The Hidden Risk of Making Exceptions in Health Plan Benefits

Making Exceptions Can Cost More Than You Think

Employers often want to support their employees by making special exceptions to their group health plans—especially in challenging situations. While these actions may seem compassionate and employee-friendly, they can create significant compliance risks and financial liabilities.

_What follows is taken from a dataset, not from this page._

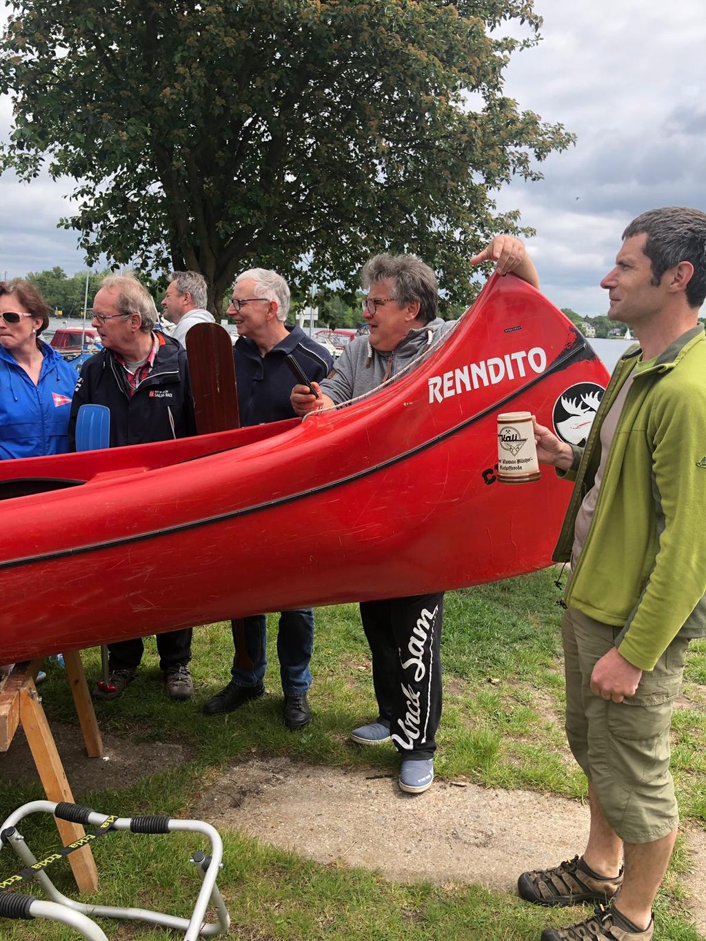 Den Höhepunkt bildete die Taufe des neu erworbenen Clubbootes auf den Namen "MC QUADRAT". Das Boot wurde sofort zu Wasser gelassen und mit zwei kurzen Fahrten erfolgreich getestet.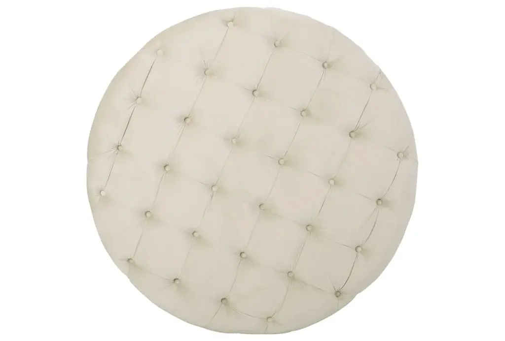 Gdf Studio Limosa Round Tufted Velvet Ottoman, Beige

Why Exceptions Can Be Problematic

Health plans—especially fully insured and self-funded ERISA plans—must follow strict plan documents and rules. These documents determine what is covered, who is eligible, and under what conditions. If an employer allows an exception that goes against the terms of the plan (like extending coverage to an ineligible employee or covering a service that’s excluded), they may unknowingly breach their fiduciary duties under ERISA.

This could result in:

  • Loss of stop-loss coverage in self-funded plans

  • Legal liability for denied claims that were improperly promised

  • Penalties for not following documented plan terms

  • Audits and compliance investigations

Real-Life Example: A Costly Mistake

Imagine an employer allows an employee who no longer meets eligibility requirements to stay on the plan. Later, the employee files a high-cost claim—and the insurer or stop-loss carrier denies it due to ineligibility. The financial burden then falls squarely on the employer.

Best Practices for Employers

To avoid these risks, employers should:

  • Stick to plan rules: Never make verbal promises or undocumented exceptions.

  • Review eligibility regularly: Ensure that only qualified individuals are enrolled.

  • Document everything: If a change is necessary, amend the plan officially.

  • Educate HR teams: Make sure those administering benefits understand the rules.

When in Doubt, Ask for Help

Always consult with your broker or legal advisor before making any plan exceptions. What seems like a small favor today could become a costly issue tomorrow.